If you intend to reproduce and/or modify a copyrighted work, whether in whole or part, and distribute, perform, or display that work through any medium, you must take into consideration copyright law. Types of reproduction include (but are not limited to) photocopying, photographing, and re-recording. Types of modification include incorporating the copyrighted work into a new work, or preparing a derivative work based on the original. Derivation transforms the work from its original tangible form of expression, such as adapting a novel to film, producing a translation, or rearranging a musical score.

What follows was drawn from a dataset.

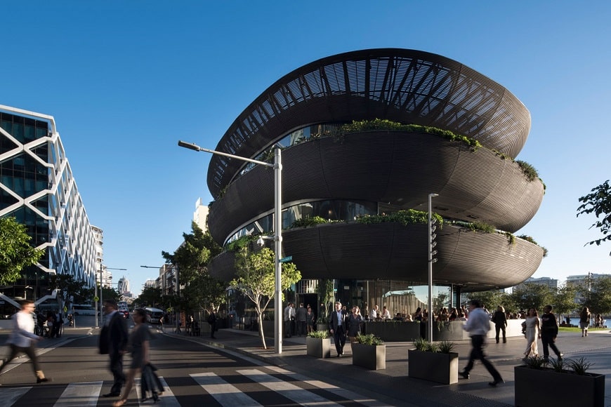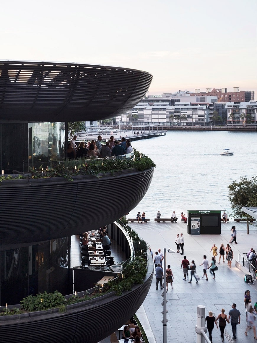Barangaroo House, окремий триповерховий ресторан, що став одним із перших проектів у Сіднеї, де використовується модифікована дерев’яна обшивка в поєднанні з характерною японською технікою обвуглювання Shou Sugi Ban.

Fair Use is an exemption that allows the reproduction of a work without infringing on the rights of the copyright owner. Section 107 of the Copyright Act permits reproduction without requiring permission when used "for purposes such as criticism, comment, news reporting, teaching (including multiple copies for classroom use), scholarship, or research." Fair Use has specific guidelines based on the purpose and type of use, the nature of the work, the amount of the work being used as relates to the whole, and the effect the use may have on the potential market or value of the work.
The TEACH Act is an exemption that allows the display and performance of nondramatic copyrighted works for the purpose of online distance education. The TEACH Act encompasses specific provisions on what may be used and how much of the work may be displayed or performed. However, its scope is limited to use of works in mediated instructional activities, and it does not cover the reproduction of materials for online distribution or posting.